Strategies for sequencing complex genomes using high throughput sequencing technologies

a genome and high throughput technology, applied in the field of molecular biology and genetics, can solve the problems of complex assembly of whole genome shotgun sequences to draft genome sequences, complicated problems, and current methods of sequencing a relatively expensive and time-consuming quest, and achieve high throughput sequencing. , the effect of efficient us

Inactive Publication Date: 2009-06-04
KEYGENE NV
View PDF4 Cites 25 Cited by
  • Summary
  • Abstract
  • Description
  • Claims
  • Application Information

AI Technical Summary

Benefits of technology

[0004]The present inventors have now found that with a different strategy this problem can be solved and the high throughput sequencing technologies can be efficiently used in genome assembly.
[0005]The invention comprises employing a technology that divides the genome in reproducible and complementary parts by restricting the genome with one or more restriction endonucleases to yield a set of restriction fragments and subsequently providing a subset of restriction fragments by selective amplification. The subset is sequenced and assembled to a contig. By repeating this step for one or more different sets of restriction endonucleases, different contigs are obtained. These different contigs are used to assemble the draft genome sequence. The invention does not require any knowledge of the sequence and can be applied to genomes of any size and complexity. The invention can be scaled up for any type and size of the genome. The present invention provides a quicker, reliable and faster access to any genome of interest and thereby provides for accelerated analysis of the genome.DEFINITIONS
[0013]High-throughput screening: High-throughput screening, often abbreviated as HTS, is a method for scientific experimentation especially relevant to the fields of biology and chemistry. Through a combination of modern robotics and other specialised laboratory hardware, it allows a researcher to effectively screen large amounts of samples simultaneously.
[0056]Hitherto in the art of sequencing technology, the use of this selective amplification in the sequence determination of whole genomes, and in particular in complex genomes has not been disclosed or suggested. The AFLP-technology is known in the art as a fingerprinting technology and has not yet been identified as a solution to aid in the sequencing of complex genomes. In particular, the use of a set of primer combinations that cover all or most of the permutations of nucleotides for a given number of selective nucleotides (for instance 16 primer combinations in the case of two selective nucleotides) provides for a reliable and quick method to provide for complementary and reproducible subsets of a genome that can be sequenced. In certain embodiments, the primers used in the complexity reduction contain one or more thioate linkages to increase their selectivity and / or performance.

Problems solved by technology

Assembly of whole genome shotgun sequences of large genomes (from 100 Mbp upwards) to draft genome sequences is a complex issue.
Many plants and animals further contain a large number of repeat sequences, thereby further complicating the problem.
On of the disadvantages of such short fragments is that the assembly of contigs to determine the genome sequence requires enormous computational power, making the current methods of sequencing a relatively expensive and time consuming quest.

Method used

the structure of the environmentally friendly knitted fabric provided by the present invention; figure 2 Flow chart of the yarn wrapping machine for environmentally friendly knitted fabrics and storage devices; image 3 Is the parameter map of the yarn covering machine
View more

Image

Smart Image Click on the blue labels to locate them in the text.
Viewing Examples
Smart Image
  • Strategies for sequencing complex genomes using high throughput sequencing technologies
  • Strategies for sequencing complex genomes using high throughput sequencing technologies
  • Strategies for sequencing complex genomes using high throughput sequencing technologies

Examples

Experimental program
Comparison scheme
Effect test

example 1

[0109]This example describes the ability to use high throughput sequencing of AFLP fragments derived from 2 restriction enzyme combinations to determine the genome sequence of a complex plant genome.

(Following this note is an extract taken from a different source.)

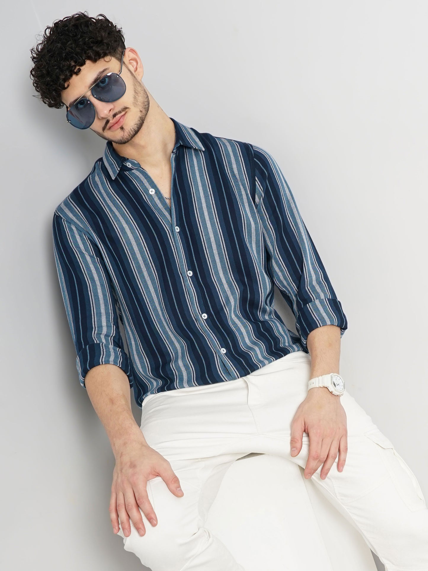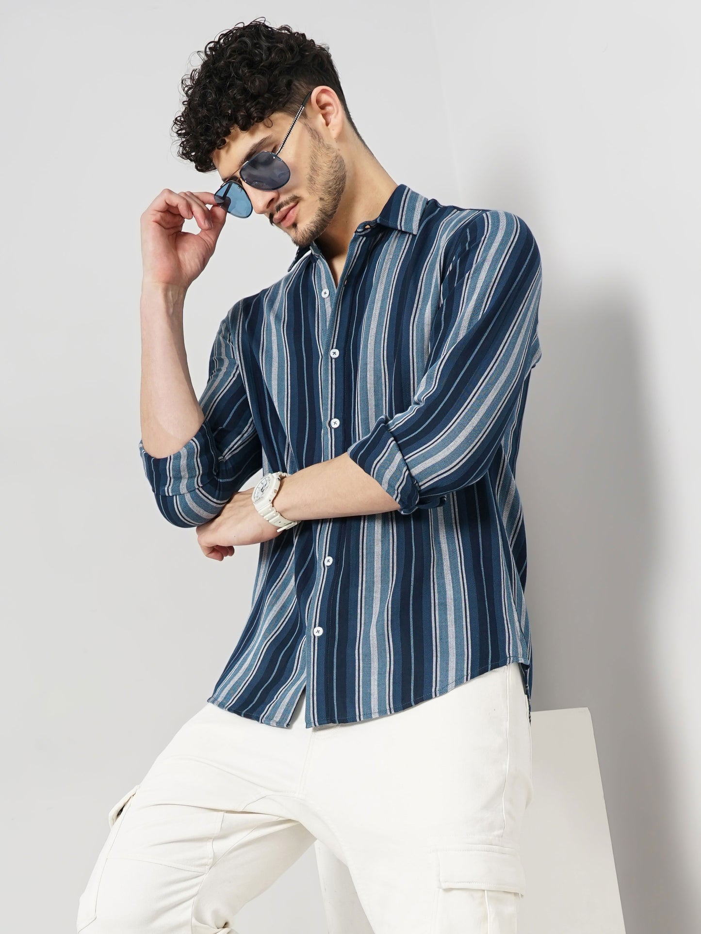Elevate your casual wardrobe with the Celio Men Striped Cotton Shirt in vibrant blue. Designed for comfort, it features long sleeves and a regular fit, perfect for any casual occasion. Disclaimer: All other items in the image are only for display purposes and will not be a part of the delivery content. Product colour may slightly vary due to photographic lighting sources. Country of Origin - India.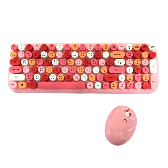 鍵盤:2.4G無線介面、100鍵、復古圓形鍵帽、多色混彩鍵帽設計、多媒體快捷鍵、滑鼠:解析度1200dpi、4按鍵、專為女性手型設計、磨砂觸感、使用3號電池(AA)*1(另購)

[0110]The following steps were taken in this example:

[0111]A) in silico prediction of AFLP restriction fragments of the Arabidopsis genome sequence (Genbank), using the software tool RECOMB, described in WO0044937 (Keygene N.V).

[0112]The entire genome sequence of Arabidopsis genome (ecotype Colombia) was downloaded from Genbank. In silico AFLP+1 / +1 fragments for the restriction enzyme combination BamHI / XbaI using +C and +G selective nucleotides, respectively, were predicted using RECOMB. Similarly, AFLP+1 / +2 fragments for the restriction enzyme combination EcoRI / HindIII using selective nucleotides +C and +CT were predicted. The collection of AFLP fragments derived from the two in silico digests resulted in various (of approximately 14) overlapping AFLP fragment sequences between the enzy...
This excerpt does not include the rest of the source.